The main reason I think my pack went dead so fast and yours did not was the general condition of the batteries. I could see where a good set of batteries could maintain a reasonable charge after sitting a month however if you have one battery in the pack with a faster self discharge problem, a.k.a. not holding a charge, this would make even a large amp hour pack go low with the PowerCheqs attached. I still advise everyone using PowerCheqs to disconnect them when you are in a storage mode. Even my small pack did not have this problem when it was new but by the end of the riding season, when the weather got too cold, they were no longer new and apparently one battery was weaker than the others. the PowerCheqs were doing their job so well I did not notice one battery was slowly dying.
As long as the charger has a float mode you can leave it connected to the pack.
Grandpa Chas S.
The PowerCheqs have a Quiescent current draw of <= 5 ma. Check here:
5ma times 24 hrs times 30 days is 3.6 ah per month. This is why I would charge the batteries every two weeks if the powerCheqs are left connected.
That battery is probably permanently ruined and should be recycled. Trying to keep charging the battery would be futile and possibly dangerous.

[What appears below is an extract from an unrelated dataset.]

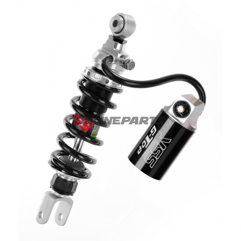 Dies ist ein verstellbarer Mono-Stoßdämpfer von YSS (GTIN 8859518058018, MPN 789.58.48) mit gasgefüllter Dämpfungskammer und separatem Reservoir. Der Stoßdämpfer wird als Hinterdämpfer mit oberem Auge und unterer Gabelbasis montiert; seine Hauptfunktion besteht darin, die Arbeit der Feder bei Beschleunigung, Bremsen und Straßenunebenheiten zu kontrollieren sowie den Kontakt zwischen Hinterrad und Fahrbahn durch variable Kompression und Rückfederung zu erhalten.
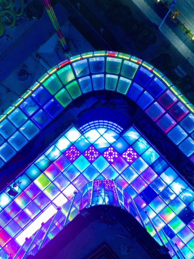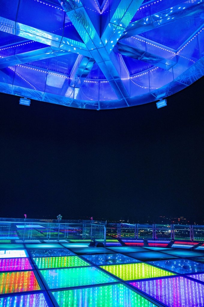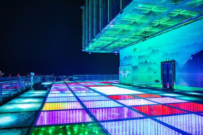站在距离地面百米高的玻璃观景平台上,不仅可以眺望远处的城市美景,还可以亲身体验动感特效“玻璃破碎”的惊险一幕。

Measure the voltage as you charge it, and charge at a slow rate. Also, secure the caps with the top plate. If the existing one that blew off is gone, than use a flat piece of something like a piece of wood or plastic. Secure it with a piece of electrical tape wrapped all the way around the battery. It may be that one of the cells is either very weak, or internally shorted. I would go ahead and add 2 ml of distilled water to all of the cells. I use a little dropper. If you don't have a dropper, than find a paper cup to bend. Measure the amount of water according to teaspoons:
1 tsp = 4.92892159 ml (thanks to google) so about 1/2 teaspoon would be a good place to start
Charging the battery will not be dangerous. Just make sure you charge it in a well ventilated area. It is normal for pressure to build when charging, and if you remove the vent covers, sometimes the caps will pop off on good batteries due to the positive pressure created.